■ Raw data ■
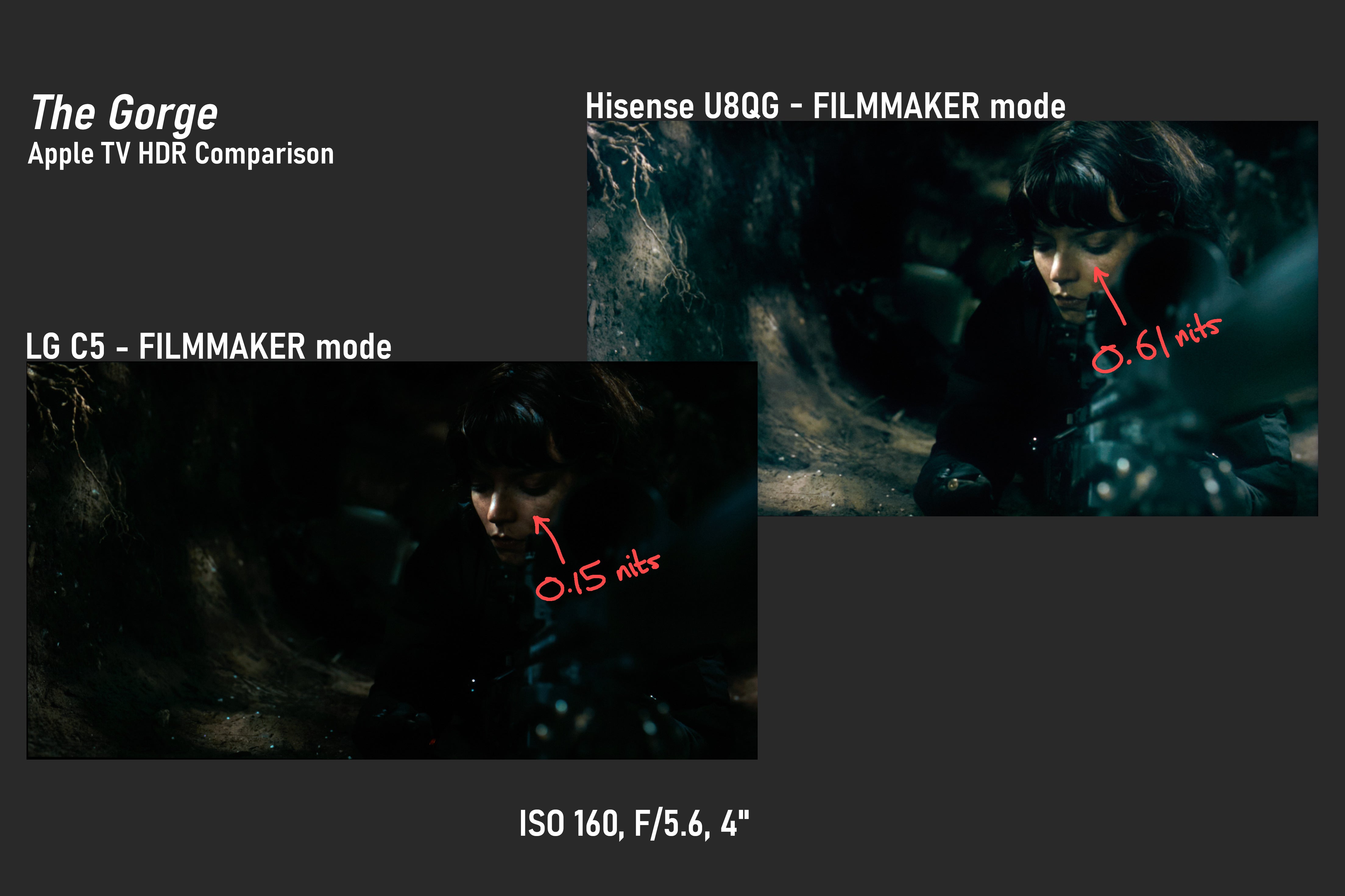 Perhaps this was intentional – a way to differentiate LG’s OLED offerings against LCD competition – but it causes real problems when gaming or watching movies. When watching The Gorge on Apple TV, at night with no room lights, I had trouble making out what was happening in almost every nighttime scene. I had a similar problem when rewatching Until Dawn on Netflix. It’s clear that no one would master content this way. Hisense’s U8QG does a much better job of accurate EOTF tracking; the scene above with Anya Taylor-Joy’s character crouched in a sniper position is intentionally dark, mostly below 1 nit, but detail is visible on the Hisense. On the C5, the frame is basically a floating face in a sea of black. LG does offer a “Dark Detail” adjustment, but even at its max of +3, tracking is still too dark.
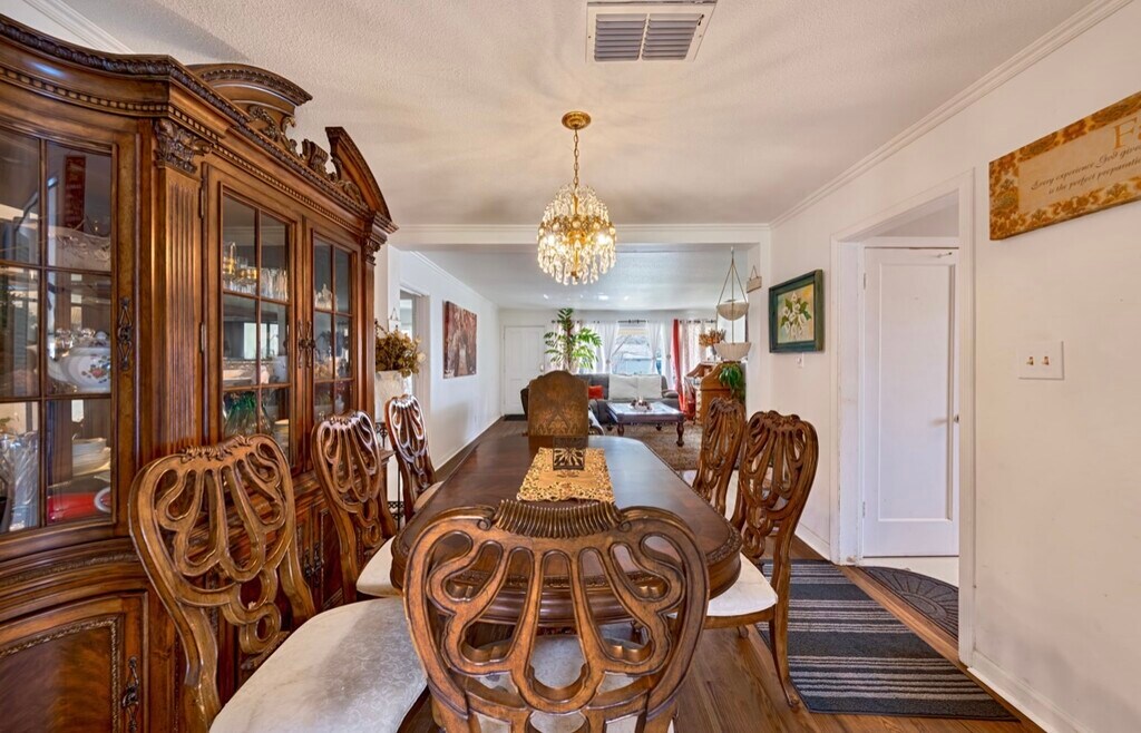 This home features 3 spacious bedrooms and 1 bathroom, offering plenty of room for families who want extra space. Inside, you’ll find updated hardwood flooring, lots of natural light, and a warm, inviting living room with a brick fireplace. The kitchen has plenty of cabinet space and opens into a dining area, making meals convenient and family-friendly. The bathroom is clean, bright, and easy to maintain. Outside, the property includes a covered front porch and a fully fenced backyard — ideal for privacy, outdoor relaxing, pets, or gardening. The yard also offers a patio area, great for barbecues or lounging. Parking is convenient with a garage and a carport, providing space for multiple vehicles or even RV storage. Located in a quiet neighborhood with quick access to shopping, restaurants, schools, and major freeways, this home combines comfort with convenience. Overall, this home is perfect for renters looking for a charming, functional space with room to make it their own.
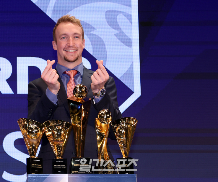 2023 KBO 프로야구 NC 다이노스 시절 에릭 페디. [사진 고척=김민규 일간스포츠 기자]2023 KBO 시상식이 27일 오후 서울 중구 소공동 웨스틴조선호텔에서 열렸다. MVP로 선정된 NC 페디가 시상식 후 트로피를 앞에 두고 포즈를 취하고 있다. [사진 김민규 일간스포츠 기자]
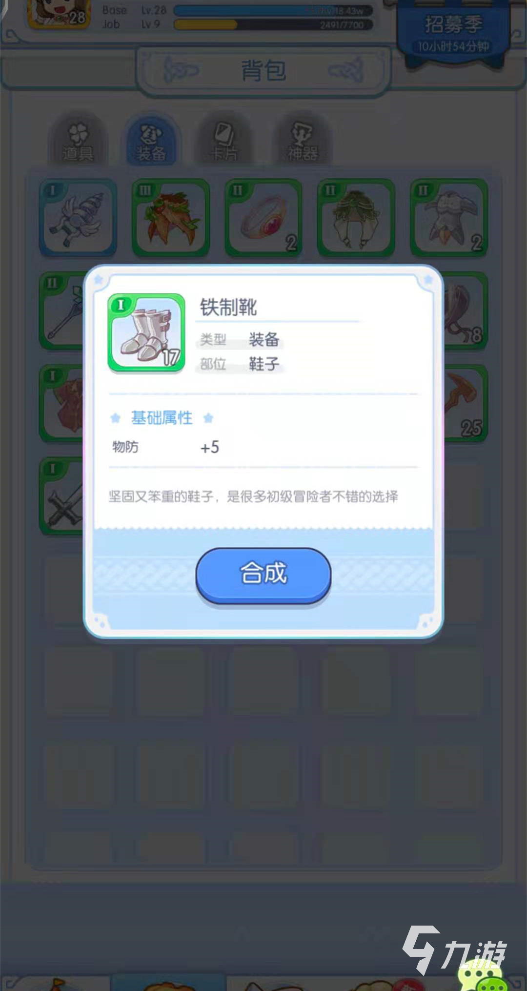 來(lái)吧,跟著小編的節(jié)奏進(jìn)入心力物語(yǔ)游戲主界面,游戲最下面有一排圖形標(biāo)志,分別是城鎮(zhèn),背包,冒險(xiǎn),角色和寵物,道具,裝備,卡片和神器都在背包里面,所以玩家進(jìn)入主界面后就要找到背包點(diǎn)擊進(jìn)去,鞋子是屬于裝備中的一種,所以玩家要進(jìn)入到裝備中找到鐵制靴。

■ Exercise aim ■
Everything from the line containing "2023 KBO 프로야구" to the last line of the listing above must be reproduced exactly, with no pictures included.

■ Solution ■
 2023 KBO 프로야구 NC 다이노스 시절 에릭 페디. [사진 고척=김민규 일간스포츠 기자]2023 KBO 시상식이 27일 오후 서울 중구 소공동 웨스틴조선호텔에서 열렸다. MVP로 선정된 NC 페디가 시상식 후 트로피를 앞에 두고 포즈를 취하고 있다. [사진 김민규 일간스포츠 기자]
 來(lái)吧,跟著小編的節(jié)奏進(jìn)入心力物語(yǔ)游戲主界面,游戲最下面有一排圖形標(biāo)志,分別是城鎮(zhèn),背包,冒險(xiǎn),角色和寵物,道具,裝備,卡片和神器都在背包里面,所以玩家進(jìn)入主界面后就要找到背包點(diǎn)擊進(jìn)去,鞋子是屬于裝備中的一種,所以玩家要進(jìn)入到裝備中找到鐵制靴。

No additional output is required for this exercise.